Required action >>
Lines before the one containing "จานหลักของเราเ" are not wanted; restate the rest below word for word, through the last line, but drop any pictures.

======== The data ========

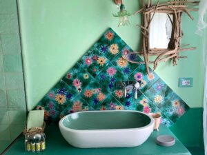 La Tenuta Le Tre Virtù è tutto questo e anche molto di più e lo scoprirete continuando a leggere. Tutto inizia nel 2010 quando la coppia s’innamora di questa tenuta, immersa nel Parco Nazionale del Mugello, un territorio poco conosciuto della Toscana rispetto ad altri, ma con un suo particolare fascino: un borgo abbandonato, risalente alla fine del Settecento, già presente nelle mappe della famiglia Medici, e dopo un grande lavoro di ristrutturazione, mantenendo però le caratteristiche originali e storiche, la trasformano nel 2016 in un relais con 7 lussuose suite, una diversa dall’altra, ciascuna con la sua personalità, caratterizzate da colori e arredi differenti curati personalmente da Valentina. Niente è lasciato al caso e tutto, dai mobili agli accessori, è frutto di una ricerca nei mercatini di bric à brac, di studi di spazi, di pezzi unici realizzati da abili artigiani del luogo: dalle lampade ai tavoli assemblati con legni di recupero. I nomi delle suite evocano sogni: Alba Chiara, Luce del Cielo, Profumo di Lavanda, Essenza di Limone, Verde Natura, Romantica e Magnifica. piscina - photo credit @isabellaradaelli
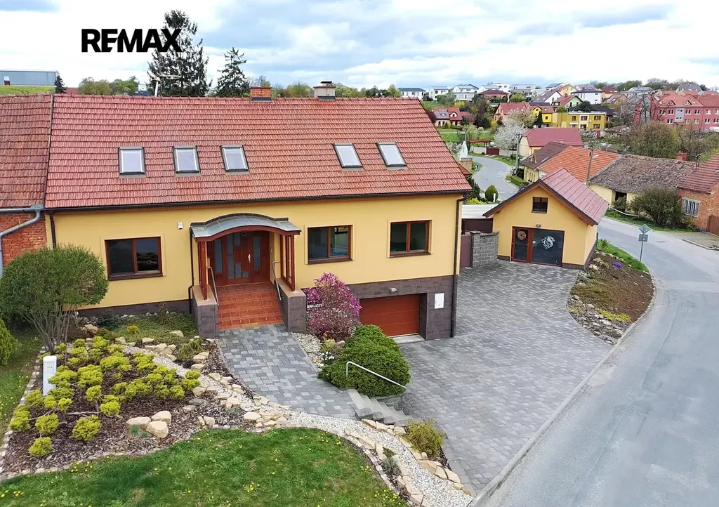 K prodeji je exkluzivně nabízen prostorný rodinný dům 5+kk se zahradou, terasou, dvougaráží a bazénem v Heršpicích. Výjimečná dvoupodlažní zděná nemovitost stojí na rovinatém oploceném pozemku o velikosti 786 m2, plném příjemných míst k relaxaci, ať už je to koupání ve velkém krytém bazénu, posezení na velké bezúdržbové dřevoplastové terase za domem či relax na travnaté ploše. Obytný prostor domu tvoří v patře tři pokoje, šatna, galerie, koupelna s rohovou vanou a WC, v přízemí pak propojení odpočinkové a společenské části pojaté jako obývací pokoj s kuchyňským koutem a s jídelnou, vše propojeno zajímavou stavební kompozicí sladěnou s příjemným výhledem na udržovanou zahradu a vstupem na velkou terasu, dále druhá koupelna se sprchovým koutem a WC, vstupní hala s vestavěnými skříněmi. Součástí prodeje je prostorná kuchyňská linka se značkovými spotřebiči (myčka nádobí, trouba a sporák se sklokeramickou varnou deskou, lednice s mrazákem, dle dohody další nábytek). Vytápění plynovým kotlem (v obývacím pokoji podlahové vytápění), nebytová jednotka vytápěna elektrickou rohoží + el. bojler. Ke komfortu bydlení přispívají eurookna i využití masivního dřeva umocňujícího pocit domova (schody, zábradlí, trámy) a bezúdržbový dřevoplastový plot a bazén 26,28 m2 (příprava na protiproud, vytápění tepelným čerpadlem). Z jedné strany dům navazuje na rozsáhlý dvorní trakt, tvořený dvoupodlažní budovou s technickou místností, WC, společenskou místností s krbem, v patře pokojem a působivou prosluněnou galerií. Ve dvoře i zahradní domek s technickým zázemím (technologie bazénu, ukládání nářadí). Podzemní podlaží o ploše 56,2 m2 slouží jako technická místnost, garáž až pro dvě auta + sklad. Zastřešené stání pro jeden automobil ve dvoře, další parkovací plocha až pro 4 osobní automobily před domem. Sousedící nebytový prostor – obchodní jednotka, je dlouhodobě pronajata pro zavedený provoz v oblasti služeb. Možné pokračování nájmu novému vlastníkovi zajistí pravidelný příjem, z něhož může pokrýt velkou část provozních nákladů domu. V případě, že by měl zájemce pro nebytový prostor vlastní využití, nájemce prostory uvolní. Dům lze celkově charakterizovat jako zdařilou stavbu moderního rázu, citlivě zasazenou do okolní přírody a poskytující spojení dokonalého komfortu a dostupnosti sousedního města. Klid, soukromí. Ideální vzdálenost od Brna i Vyškova, dobrá dopravní dostupnost (autobus, IDS). Heršpice jsou obcí se základní občanskou vybaveností (obchod, mateřská škola i základní škola pro 1. stupeň, obecní úřad) s bohatým kulturním životem a možnostmi sportovního vyžití (hřiště). Okolní lesy vybízejí k houbaření, turistice. Koupání v rybníku u ekofarmy Jalový dvůr. V obci škola i školka, restaurace, obchod, kostel. Heršpice nabízejí příjemné bydlení uprostřed přírody v sousedství Slavkova u Brna, města s bohatým kulturně společenským životem, sítí obchodů, škol a řadou sportovních zařízení. Financování hypotékou pomůžeme zajistit. Video: https://youtu.be/EnVZs9kSO5w
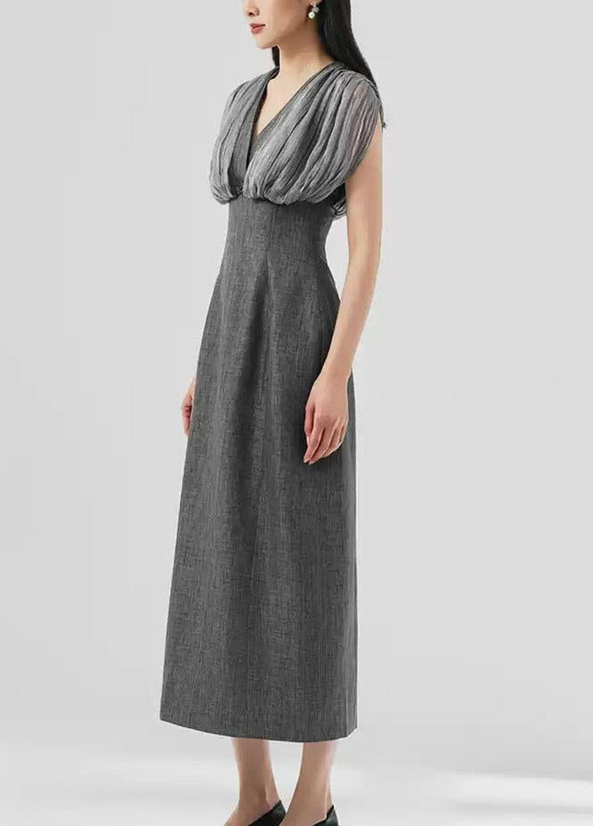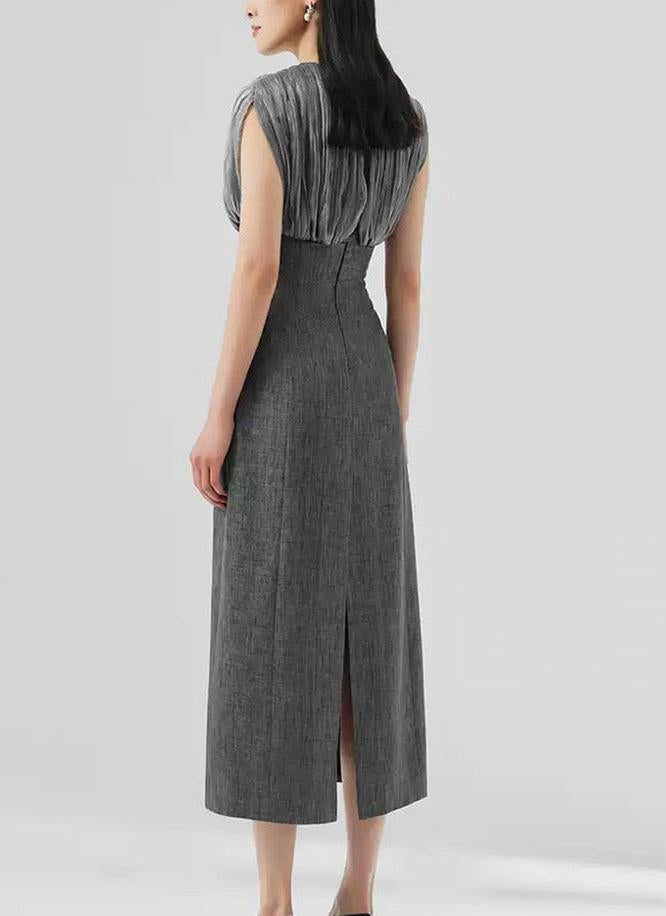 This sleeveless maxi dress features intricate mesh stitching in a sophisticated grey tone, combining elegance with breathable comfort. Its flowing silhouette offers a flattering fit suitable for various occasions, while the mesh detailing adds a modern, textured dimension to the design. Ideal for those seeking a refined yet contemporary look.
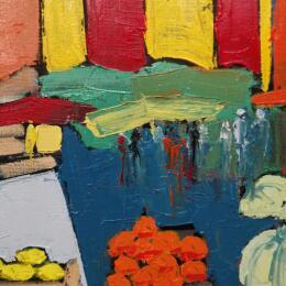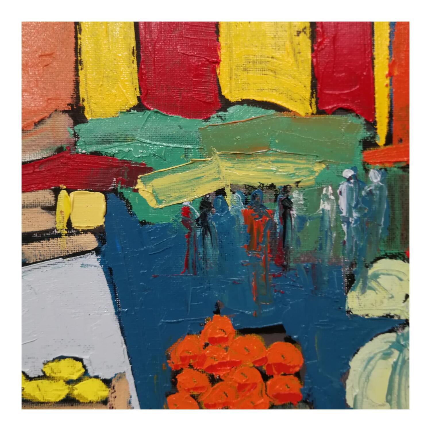 This unique and original contemporary artwork "SCENE DE MARCHE" on the subject of Life style has been created by the contemporary artist L'huillier Françis.
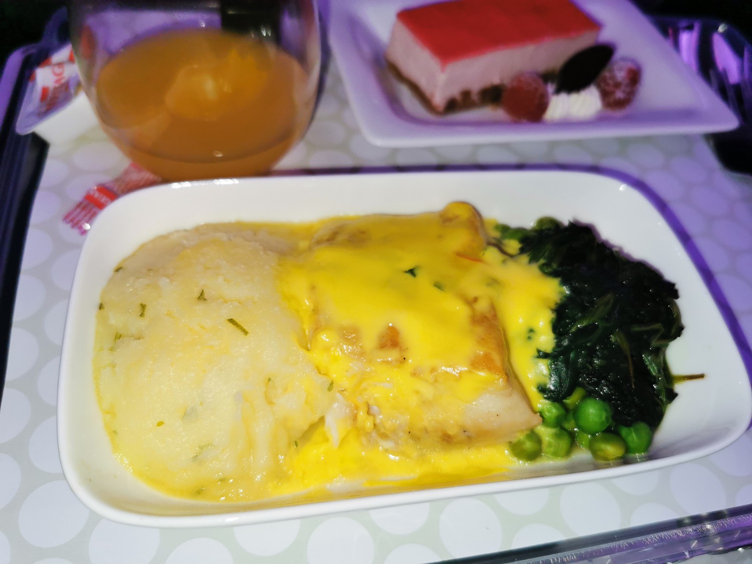 จานหลักของเราเป็นปลาอบกับซอสอะไรสักอย่าง อร่อยแบบจืดๆ
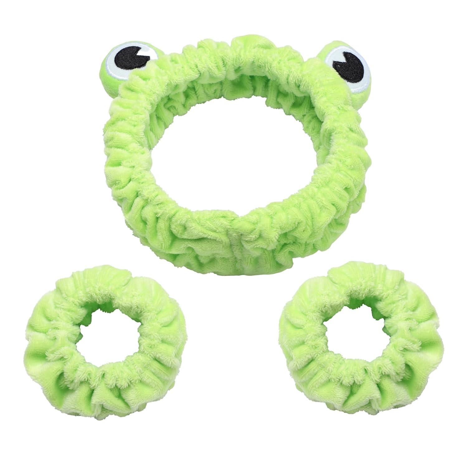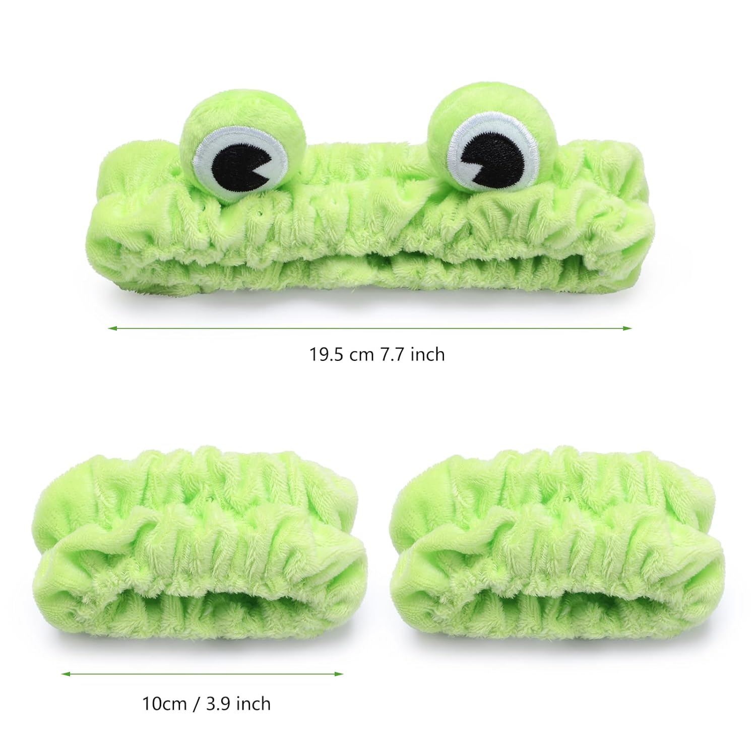 Soft Spa Headband and Wristbands for Face Washing, Cute Frog Makeup Headbands Elastic Skincare Hair Band Shower Head Wraps Hair Accessories for Women Girls
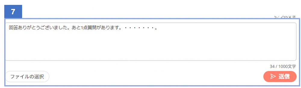 7:回答に対して続けて問い合わせや発言をする場合は、ここに入力します。

========

Finished exercise >>
 จานหลักของเราเป็นปลาอบกับซอสอะไรสักอย่าง อร่อยแบบจืดๆ
 Soft Spa Headband and Wristbands for Face Washing, Cute Frog Makeup Headbands Elastic Skincare Hair Band Shower Head Wraps Hair Accessories for Women Girls
 7:回答に対して続けて問い合わせや発言をする場合は、ここに入力します。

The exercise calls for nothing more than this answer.